The next level of the algebriac ladder (need some help)

[AGThePoet]

Hi I'm new here, I'm in 10th grade and using this topic for my science fair project in my junior year.

 

 

I was thinking about what would come next in the line up of:

 

Addition

Multiplication

Exponential

?

 

And tried to use wordplay such as:

 

Multiplication is adding a number to itself x times.

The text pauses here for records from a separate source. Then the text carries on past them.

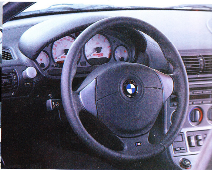
OHNE SCHNÖRKEL Die in Silber und Rot gehaltene Tachofolie paßt bestens zum übrigen sportlichen Inter

stimmung des Fahrwerks: In Verbindung mit den breiten Bridgestone-Pneus sorgt die straffere Auslegung für eine deutlich verbesserte Straßenlage, ohne dabei konsequent auf Sportlichkeit, sprich Härte, getrimmt zu sein. Nur extreme Längsrillen bringen das bullige Coupé et-
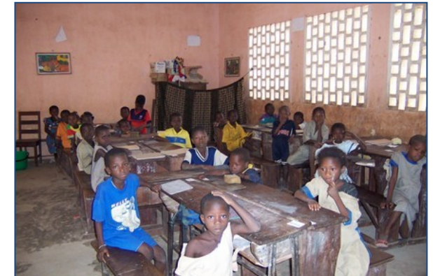
Uitwisseling tekeningen tussen lagere school Boukombé en Varsseveld
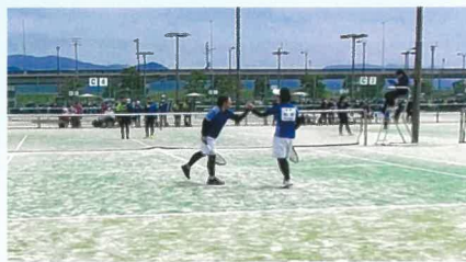
ソフトテニス部【女】

Expoential is multiplying a number to itself x times.

 

and continueing with the pattern:

 

? is exponenting a number to itself x times.

 

I wouldn't believe this for the longest time because I didn't think that the final change would simply be a simplified version of exponenting. So I tried to look deeper into the relationships between the terms. This is what I found:

 

 

 

 

In here we are all probably familiar with the terms addition, multiplication, and exponential. I do a lot in number theory, a lot of which I'll post in here at sometime or another. Anyways, I have always tried to find a relationship between addition stright to exponential and failed miserably. A while ago I came upon a conclusion: Addition, Multiplication, and Exponential (and their respective opposites) are all the same thing. Take multiplications relationship to addition:

 

 

2+2+2+2

is the same as

2*4

 

(this may seem excessively simple, hang with me it get's better)

 

If you really think about what multiplication is, it's simply taking addition and simplifying it. With multiplication you can add a number to itself eighty six times a lot easier than adding it that many. However, to use it like that it has to be a single number. You cannot convert

 

1+2+5+6

 

into multiplication (well, you can, but its not worth the time or effort). So multiplication is easier to do mass addition with than plain addition, but there are severe limitations on its usage.

 

 

Same thing with the multiplication/exponential relationship. You can change

 

3*3*3*3

into

3 to the fourth power

 

and make it easier; however, you cannot change

 

2*8*5*9

into an exponent.

 

This keeps the rule that advancing a level creates an easier formula, but limits the factors to just one number each time (in this case the threes)

 

 

So it only makes sense that (to finish the pattern) the ?/exponential relationship would be the same.

 

Follow this through and you will find that the last term which I took the libery of naming Exutat, hybrid of the latin words "exterus" (highest) and "commutatus" (change).

 

So the table is now complete:

addition is (a+B)

multiplication is (a*B)

exponential is (a to the b power)

and finally

Exutat is (a to the a power)

 

Follow the patterns and you will get the same answer.

 

If you have questions on any if this please don't be afraid to ask

If you can help me with this please do

If this isn't new at all and I just have never heard of it, please tell me and i will withdraw my claim upon it.

 

 

Thanks for hanging with me this far,

agthepoet

[GAHD]

Let me see if I have this straight:

ex. 1

3 Exutat 3 = (3^3)^3 = 72

can also be written as (3^3) (3^3) (3^3)

further elaborated to (3*3*3) (3*3*3) (3*3*3)

 

am I correct? or would the exponetials stack exponentially in the case of this equation?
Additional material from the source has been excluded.